_Requirement_
Count every line in the data below where the word "located" appears, then state only that count.

Top of Material for this exercise

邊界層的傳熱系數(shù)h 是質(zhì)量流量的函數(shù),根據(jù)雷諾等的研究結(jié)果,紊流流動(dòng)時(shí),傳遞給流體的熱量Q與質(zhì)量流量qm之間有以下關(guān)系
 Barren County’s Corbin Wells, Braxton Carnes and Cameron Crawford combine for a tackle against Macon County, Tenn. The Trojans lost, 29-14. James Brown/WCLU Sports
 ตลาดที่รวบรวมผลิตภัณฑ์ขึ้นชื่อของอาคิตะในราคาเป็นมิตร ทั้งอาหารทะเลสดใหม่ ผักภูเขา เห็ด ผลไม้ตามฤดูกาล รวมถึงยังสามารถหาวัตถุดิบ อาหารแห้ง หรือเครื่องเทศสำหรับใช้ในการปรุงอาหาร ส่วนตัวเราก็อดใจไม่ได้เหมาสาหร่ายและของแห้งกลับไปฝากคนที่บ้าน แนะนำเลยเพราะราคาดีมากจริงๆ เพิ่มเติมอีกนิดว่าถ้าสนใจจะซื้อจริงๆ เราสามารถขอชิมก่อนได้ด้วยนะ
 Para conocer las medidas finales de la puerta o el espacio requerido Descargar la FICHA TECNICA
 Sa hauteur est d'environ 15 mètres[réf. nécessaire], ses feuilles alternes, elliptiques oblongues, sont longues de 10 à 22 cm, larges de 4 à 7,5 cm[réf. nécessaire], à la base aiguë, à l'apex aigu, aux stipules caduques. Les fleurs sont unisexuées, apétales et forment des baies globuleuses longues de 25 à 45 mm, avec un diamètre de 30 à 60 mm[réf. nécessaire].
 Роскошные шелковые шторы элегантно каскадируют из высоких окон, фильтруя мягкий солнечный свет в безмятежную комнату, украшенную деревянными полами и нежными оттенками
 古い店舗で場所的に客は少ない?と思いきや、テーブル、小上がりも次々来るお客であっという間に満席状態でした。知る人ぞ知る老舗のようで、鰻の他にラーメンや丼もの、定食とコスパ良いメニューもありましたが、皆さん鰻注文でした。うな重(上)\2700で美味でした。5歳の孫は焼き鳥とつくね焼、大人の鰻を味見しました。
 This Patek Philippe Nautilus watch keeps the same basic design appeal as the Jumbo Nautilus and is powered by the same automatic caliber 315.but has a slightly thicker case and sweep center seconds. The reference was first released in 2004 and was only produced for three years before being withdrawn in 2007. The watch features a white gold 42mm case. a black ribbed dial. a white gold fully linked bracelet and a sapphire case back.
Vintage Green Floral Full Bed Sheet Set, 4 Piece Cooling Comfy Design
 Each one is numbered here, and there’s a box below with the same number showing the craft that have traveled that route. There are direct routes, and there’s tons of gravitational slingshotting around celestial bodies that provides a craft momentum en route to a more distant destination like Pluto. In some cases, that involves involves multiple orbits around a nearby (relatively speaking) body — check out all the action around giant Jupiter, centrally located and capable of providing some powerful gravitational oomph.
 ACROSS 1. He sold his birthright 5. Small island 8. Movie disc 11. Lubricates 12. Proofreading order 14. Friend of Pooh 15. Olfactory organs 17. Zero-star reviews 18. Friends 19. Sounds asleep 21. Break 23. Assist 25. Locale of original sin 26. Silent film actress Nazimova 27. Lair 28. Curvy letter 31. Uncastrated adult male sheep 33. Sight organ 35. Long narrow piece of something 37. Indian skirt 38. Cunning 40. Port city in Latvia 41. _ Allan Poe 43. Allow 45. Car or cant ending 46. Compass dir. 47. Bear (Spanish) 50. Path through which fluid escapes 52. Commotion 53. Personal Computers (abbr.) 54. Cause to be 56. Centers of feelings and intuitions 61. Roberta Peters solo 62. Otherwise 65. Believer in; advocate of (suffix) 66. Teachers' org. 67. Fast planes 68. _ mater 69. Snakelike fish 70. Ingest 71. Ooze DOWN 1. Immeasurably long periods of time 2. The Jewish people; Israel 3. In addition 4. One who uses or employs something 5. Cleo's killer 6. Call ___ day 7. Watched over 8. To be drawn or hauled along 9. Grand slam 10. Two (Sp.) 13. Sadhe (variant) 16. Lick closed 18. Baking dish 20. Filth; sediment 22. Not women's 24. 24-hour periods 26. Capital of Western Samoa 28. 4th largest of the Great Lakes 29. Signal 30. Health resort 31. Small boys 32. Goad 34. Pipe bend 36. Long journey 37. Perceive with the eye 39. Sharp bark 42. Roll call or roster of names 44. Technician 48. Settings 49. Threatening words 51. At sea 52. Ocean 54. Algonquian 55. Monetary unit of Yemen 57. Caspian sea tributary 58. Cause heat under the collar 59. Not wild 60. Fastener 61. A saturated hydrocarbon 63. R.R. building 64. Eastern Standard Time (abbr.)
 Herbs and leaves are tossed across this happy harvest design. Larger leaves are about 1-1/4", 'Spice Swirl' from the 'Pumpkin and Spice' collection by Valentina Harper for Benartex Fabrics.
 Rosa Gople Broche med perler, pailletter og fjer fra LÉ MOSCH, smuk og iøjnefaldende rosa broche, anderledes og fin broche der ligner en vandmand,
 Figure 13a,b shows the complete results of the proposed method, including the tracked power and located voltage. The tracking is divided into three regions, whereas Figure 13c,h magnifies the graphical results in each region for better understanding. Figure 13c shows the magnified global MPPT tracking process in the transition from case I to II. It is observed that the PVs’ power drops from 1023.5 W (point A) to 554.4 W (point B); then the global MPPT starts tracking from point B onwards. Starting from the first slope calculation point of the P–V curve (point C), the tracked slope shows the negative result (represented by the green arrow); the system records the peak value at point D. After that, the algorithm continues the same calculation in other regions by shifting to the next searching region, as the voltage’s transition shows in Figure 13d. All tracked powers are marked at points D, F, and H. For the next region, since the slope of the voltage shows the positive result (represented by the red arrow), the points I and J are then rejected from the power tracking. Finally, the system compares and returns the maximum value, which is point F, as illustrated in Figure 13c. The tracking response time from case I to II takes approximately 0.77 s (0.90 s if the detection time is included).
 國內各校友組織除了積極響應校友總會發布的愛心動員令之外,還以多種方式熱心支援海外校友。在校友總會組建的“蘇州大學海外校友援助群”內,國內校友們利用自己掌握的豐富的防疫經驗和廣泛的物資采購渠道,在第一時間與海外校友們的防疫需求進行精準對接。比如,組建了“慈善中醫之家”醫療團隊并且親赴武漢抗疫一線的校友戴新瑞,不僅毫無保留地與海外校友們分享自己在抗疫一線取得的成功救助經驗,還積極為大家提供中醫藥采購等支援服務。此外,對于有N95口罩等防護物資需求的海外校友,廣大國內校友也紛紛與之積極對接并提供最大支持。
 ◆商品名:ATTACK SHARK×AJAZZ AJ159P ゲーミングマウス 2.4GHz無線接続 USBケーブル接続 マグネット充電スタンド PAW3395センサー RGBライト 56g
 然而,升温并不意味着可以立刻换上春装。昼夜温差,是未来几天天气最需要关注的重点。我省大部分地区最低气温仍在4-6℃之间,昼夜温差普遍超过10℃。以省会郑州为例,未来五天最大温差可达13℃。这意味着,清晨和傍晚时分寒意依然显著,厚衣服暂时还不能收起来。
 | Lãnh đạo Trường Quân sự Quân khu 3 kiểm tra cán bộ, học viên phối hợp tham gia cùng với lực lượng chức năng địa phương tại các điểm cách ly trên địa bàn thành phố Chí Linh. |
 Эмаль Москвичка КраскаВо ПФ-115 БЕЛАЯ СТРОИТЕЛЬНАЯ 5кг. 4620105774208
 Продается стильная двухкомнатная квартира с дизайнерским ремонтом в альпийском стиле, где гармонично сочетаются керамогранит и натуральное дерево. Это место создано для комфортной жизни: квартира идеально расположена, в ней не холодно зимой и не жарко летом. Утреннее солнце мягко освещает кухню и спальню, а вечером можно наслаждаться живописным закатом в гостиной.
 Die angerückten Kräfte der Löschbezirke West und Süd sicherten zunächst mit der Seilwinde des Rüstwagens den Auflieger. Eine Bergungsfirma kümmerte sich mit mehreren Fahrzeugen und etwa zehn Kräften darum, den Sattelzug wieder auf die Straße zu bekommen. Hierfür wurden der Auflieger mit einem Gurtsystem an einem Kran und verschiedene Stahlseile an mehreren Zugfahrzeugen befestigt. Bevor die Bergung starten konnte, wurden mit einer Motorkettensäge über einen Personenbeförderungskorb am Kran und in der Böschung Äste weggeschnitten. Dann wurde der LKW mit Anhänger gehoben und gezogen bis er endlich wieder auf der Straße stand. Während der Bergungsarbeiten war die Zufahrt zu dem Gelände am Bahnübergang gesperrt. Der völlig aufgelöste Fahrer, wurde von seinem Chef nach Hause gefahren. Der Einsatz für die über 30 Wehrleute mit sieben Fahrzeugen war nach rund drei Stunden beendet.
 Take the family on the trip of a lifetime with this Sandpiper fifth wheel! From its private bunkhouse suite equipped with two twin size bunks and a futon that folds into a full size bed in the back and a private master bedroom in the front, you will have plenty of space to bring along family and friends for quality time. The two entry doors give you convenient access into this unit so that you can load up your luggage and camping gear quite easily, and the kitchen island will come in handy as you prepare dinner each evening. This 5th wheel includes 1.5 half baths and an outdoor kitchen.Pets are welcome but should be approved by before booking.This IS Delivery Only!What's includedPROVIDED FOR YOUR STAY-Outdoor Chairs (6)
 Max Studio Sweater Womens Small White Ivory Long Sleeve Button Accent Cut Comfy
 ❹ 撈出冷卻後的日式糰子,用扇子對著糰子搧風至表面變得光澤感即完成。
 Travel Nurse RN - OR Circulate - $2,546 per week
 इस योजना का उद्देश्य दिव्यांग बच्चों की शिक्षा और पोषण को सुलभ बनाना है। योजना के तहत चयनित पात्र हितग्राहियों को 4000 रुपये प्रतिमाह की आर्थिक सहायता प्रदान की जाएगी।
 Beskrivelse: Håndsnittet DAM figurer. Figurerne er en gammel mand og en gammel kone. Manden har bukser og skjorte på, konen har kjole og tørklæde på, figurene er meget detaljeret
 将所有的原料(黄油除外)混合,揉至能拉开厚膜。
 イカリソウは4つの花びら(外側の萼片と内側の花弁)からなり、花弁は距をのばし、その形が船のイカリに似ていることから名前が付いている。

Bottom of Material for this exercise

_Task result_
2